新たにサウジアラビア、モロッコ等がPSIへの参加を表明し、参加国数が91か国となった旨説明があり、いくつかの新規参加国の代表が席上挨拶を行った。また、同日発出されたブッシュ大統領による声明(要旨下記)につき紹介があった。
[ブッシュ大統領声明要旨]
(1)今日の世界が、冷戦時代とは異なり、ならず者国家やテロリスト等の非国家主体による新たな拡散の脅威に直面しているとしつつ、NPTやIAEA保障措置、輸出管理レジーム等既存の不拡散の取組を強化する手段としてのPSIの意義を強調。
(2)北朝鮮及びイランの核問題が「引き続き重大な拡散の危険」であるとした上で、それぞれにつき以下のとおり発言。
(イ)我々は引き続き六者の枠組みを通じ北朝鮮の核問題に取り組む。
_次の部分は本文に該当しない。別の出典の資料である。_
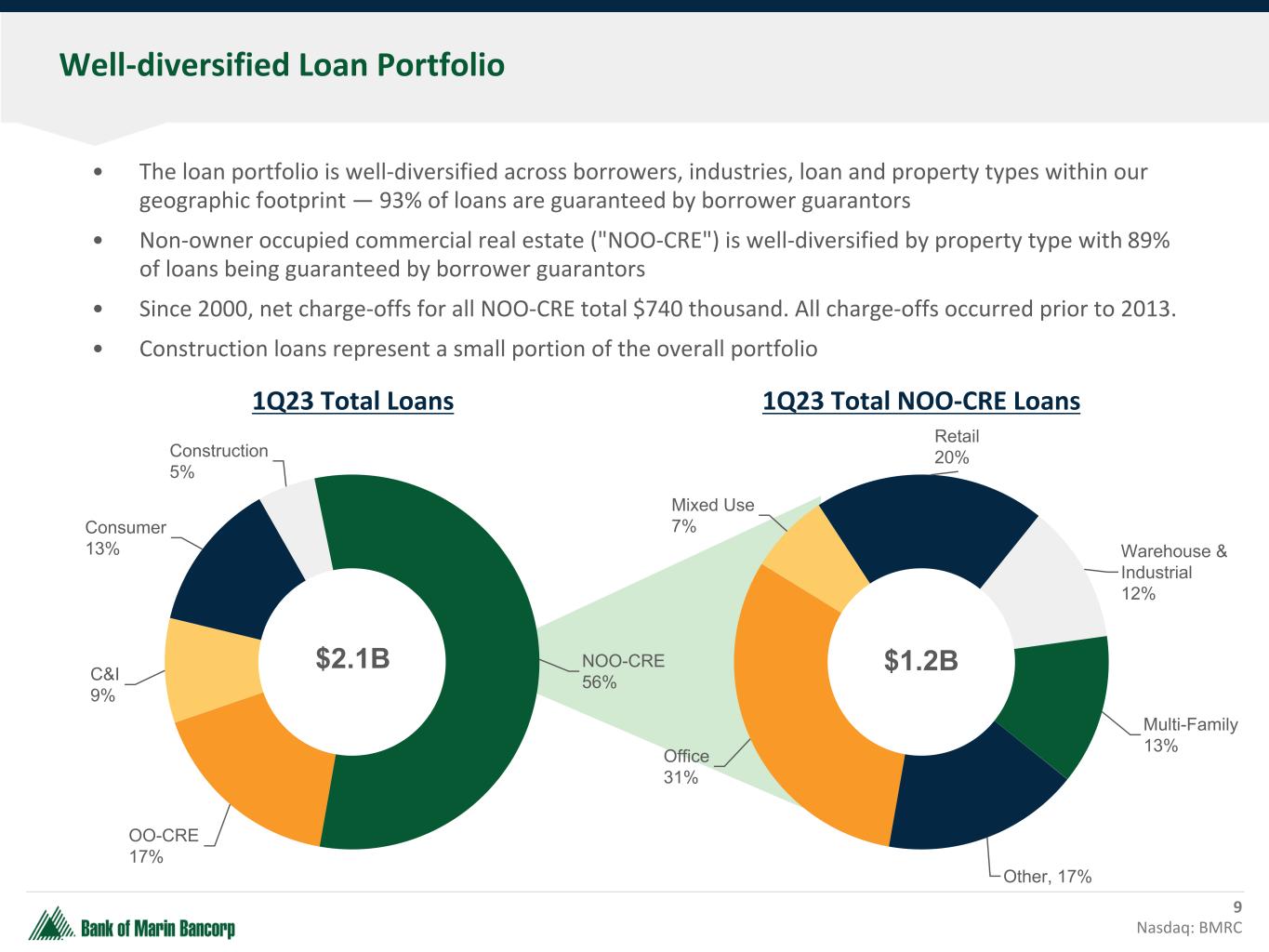 HTM Securities Portfolio HTM Securities Portfolio Agency MBS 75% GSEs 15% Municipal Bonds 6% Corporate Bonds & Other 4% AFS Securities Portfolio AFS Securities Portfolio Agency MBS 59% GSEs 17% Municipal Bonds 13% SBA 7% Corporate Bonds & Other 3% USTs 1% High-Quality Securities Portfolio Generates Cash Flow Data as of 3/31/23 8 Nasdaq: BMRC $797.5MM $958.6MM Average Yield — 2.12% Approx. Duration — 3.8 Unrealized Losses (after tax) — $62.0 million TCE Bancorp — 8.7% Average Yield — 2.49% Approx. Duration — 5.9 Unrealized Losses (after tax) — $76.4 million TCE Bancorp w/ HTM — 6.9% 1 ($ in millions at Fair Value) ($ in millions at Cost) 1 See Reconciliation of Non-GAAP Financial Measures in the Appendix.
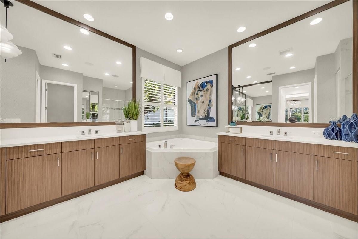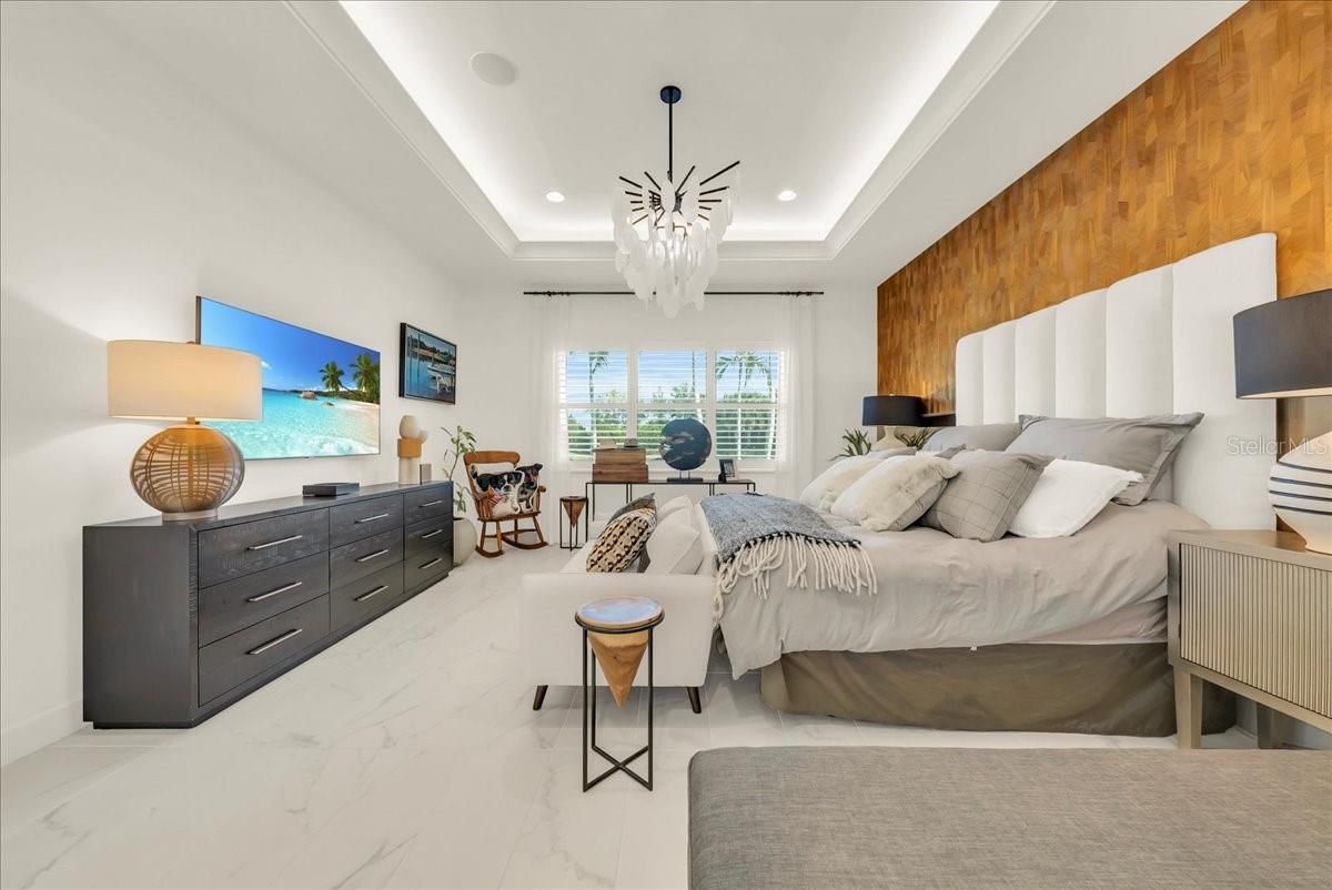 - Built-in Features, Ceiling Fan(s), Chair Rail, Crown Molding, Eat-in Kitchen, High Ceilings, In-Wall Pest Control, Open Floorplan, Main Level Primary, Smart Home, Solid Surface Counters, Solid-Wood Cabinets, Split Bedrooms, Stone Counters, Thermostat, Vaulted Ceiling(s), Walk-In Closet(s), Window Treatments
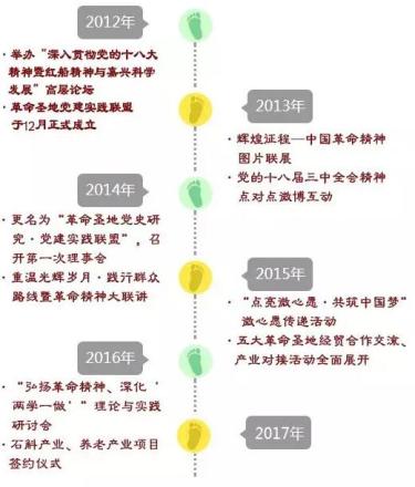 2012年12月,在嘉興、井岡山、遵義、延安、石家莊市委組織部的共同倡議和精心策劃下,五地組建成立“革命圣地黨建實(shí)踐聯(lián)盟”。2014年,聯(lián)盟更名為“革命圣地黨史研究?黨建實(shí)踐聯(lián)盟”,并在中央黨史研究室設(shè)立聯(lián)盟聯(lián)絡(luò)處。聯(lián)盟自成立以來,已先后舉辦中國革命精神圖片展、群眾路線革命圣地行等大型主題活動(dòng)。此次現(xiàn)場考察和理論實(shí)踐研討活動(dòng),五地代表分別就扎實(shí)推進(jìn)“兩學(xué)一做”學(xué)習(xí)教育及黨史研究工作開展了深入交流。
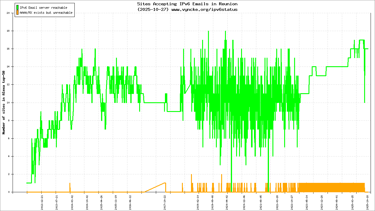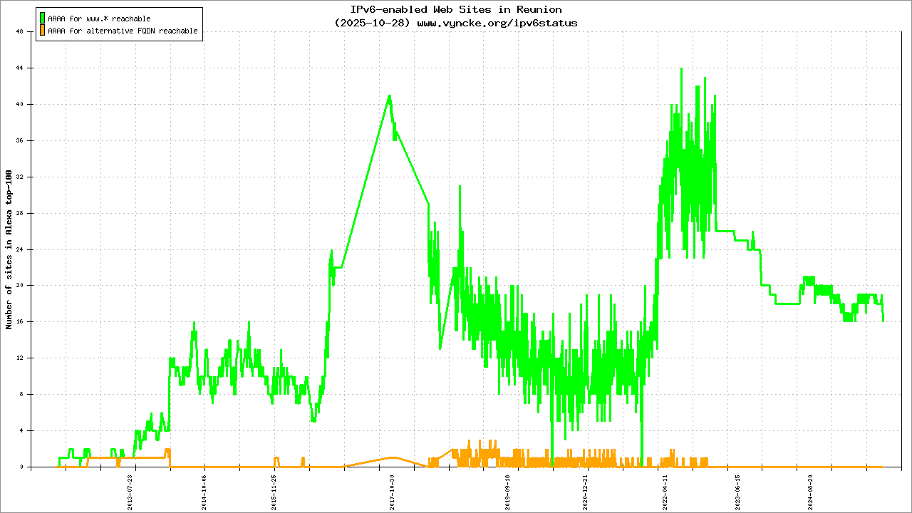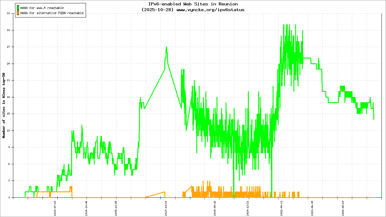 Jump to the IPv6 allocated prefixes. Leave the cursor over a green/orange box to have more information (MSS, MTU). Hoover the mouse over a red box to display the AS of the web site (this is usually a good indication of the web hoster). Click on any graphs or maps to zoom on it. You can add a widget on your own web site with your country IPv6 status or get more geographical maps, click here to see how ;-) |
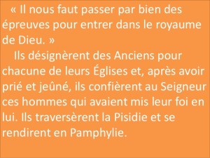 En ces jours-là, comme Paul et Barnabé se trouvaient à Lystres, des Juifs arrivèrent d’Antioche de Pisidie et d’Iconium ; ils se rallièrent les foules, ils lapidèrent Paul et le traînèrent hors de la ville, pensant qu’il était mort. Mais, quand les disciples firent cercle autour de lui, il se releva et rentra dans la ville. Le lendemain, avec Barnabé, il partit pour Derbé. Ils annoncèrent la Bonne Nouvelle à cette cité et firent bon nombre de disciples. Puis ils retournèrent à Lystres, à Iconium et à Antioche de Pisidie ; ils affermissaient le courage des disciples ; ils les exhortaient à persévérer dans la foi, en disant : « Il nous faut passer par bien des épreuves pour entrer dans le royaume de Dieu. » Ils désignèrent des Anciens pour chacune de leurs Églises et, après avoir prié et jeûné, ils confièrent au Seigneur ces hommes qui avaient mis leur foi en lui. Ils traversèrent la Pisidie et se rendirent en Pamphylie. Après avoir annoncé la Parole aux gens de Pergé, ils descendirent au port d’Attalia, et s’embarquèrent pour Antioche de Syrie, d’où ils étaient partis ; c’est là qu’ils avaient été remis à la grâce de Dieu pour l’œuvre qu’ils avaient accomplie. Une fois arrivés, ayant réuni l’Église, ils rapportèrent tout ce que Dieu avait fait avec eux, et comment il avait ouvert aux nations la porte de la foi. Ils passèrent alors un certain temps avec les disciples. – Parole du Seigneur.
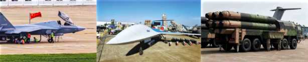 De gauche à droite le J-35. Le drone CH 6 et les missiles anti-aériens HQ-19.
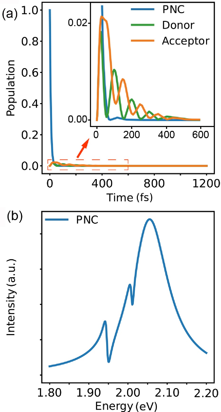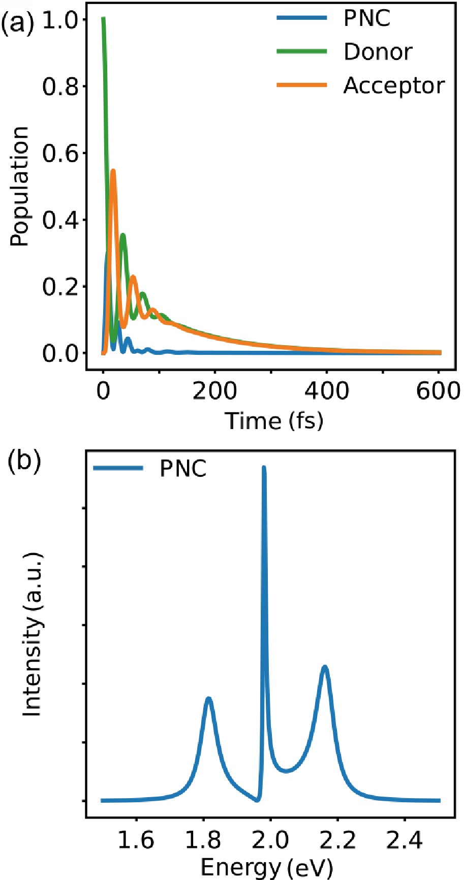 ${\omega }_{\textrm{D}}=2.00$ eV,${\omega }_{\textrm{PNC}}=2.00$ eV,${g}_{\textrm{D-A}}=-0.023$ eV,${g}_{\textrm{D-PNC}}={g}_{\textrm{A-PNC}}=0.010$ eV,${\gamma }_{\textrm{D}}^{\textrm{total}}=0.007$ eV,${\gamma }_{\textrm{A}}^{\textrm{total}}=0.007$ eV,${\gamma }_{\textrm{PNC}}^{\textrm{total}}=0.120$ eV,${\gamma }_{\textrm{D}}^{\textrm{deph}}=0.000\ {\rm{eV}}$ ,${\gamma }_{\textrm{A}}^{\textrm{deph}}=0.000\ {\rm{eV}}$ ; for (b),${\omega }_{\textrm{A}}=2.00$ eV; and for (c),${\omega }_{\textrm{A}}=1.96$ eV. -

北朝鮮は、寧辺の核施設でのプルトニウム生産を停止し、同施設の無能力化を行っているが、更に、すべての核計画に関する完全、正確かつ検証可能な申告、プルトニウム生産施設の破壊、核兵器関連物質を生産するためのその他のルートの放棄、すべての拡散活動の終了を含めたその他の義務を履行しなければならない。我々は、朝鮮半島が再度非核化されることを望む。
(ロ)我々はイランによる核兵器の保有を許容しない。イランはテロリストへのWMD拡散の潜在的ルート。我々は、多くの国際的パートナーとともに、外交的な孤立化、安保理決議に基づく制裁の実施、及び追加的な金融圧力によりイランへの圧力を引き続き強めていく。同時に、我々は、イランが核兵器の野望を放棄するならばイランに経済的、政治的及び安全保障上の利益を与えるとする、交渉による解決に向けた扉も開けておく。イランが原子力の平和的利用を行うべきでないとは言わないが、拡散懸念を増大する濃縮・再処理活動を伴わないものでなければならない。ブッシュ大統領は、平和的利用を行う国が濃縮・再処理を行うことを不要とする燃料供給保証に係る提案を行っている。交渉の扉をくぐるために、イランはまず検証可能な形でウラン濃縮計画を停止しなければならない。交渉を核兵器獲得のための時間稼ぎに利用することは許されない。核武装したイランは、中東及び世界の平和にとって脅威。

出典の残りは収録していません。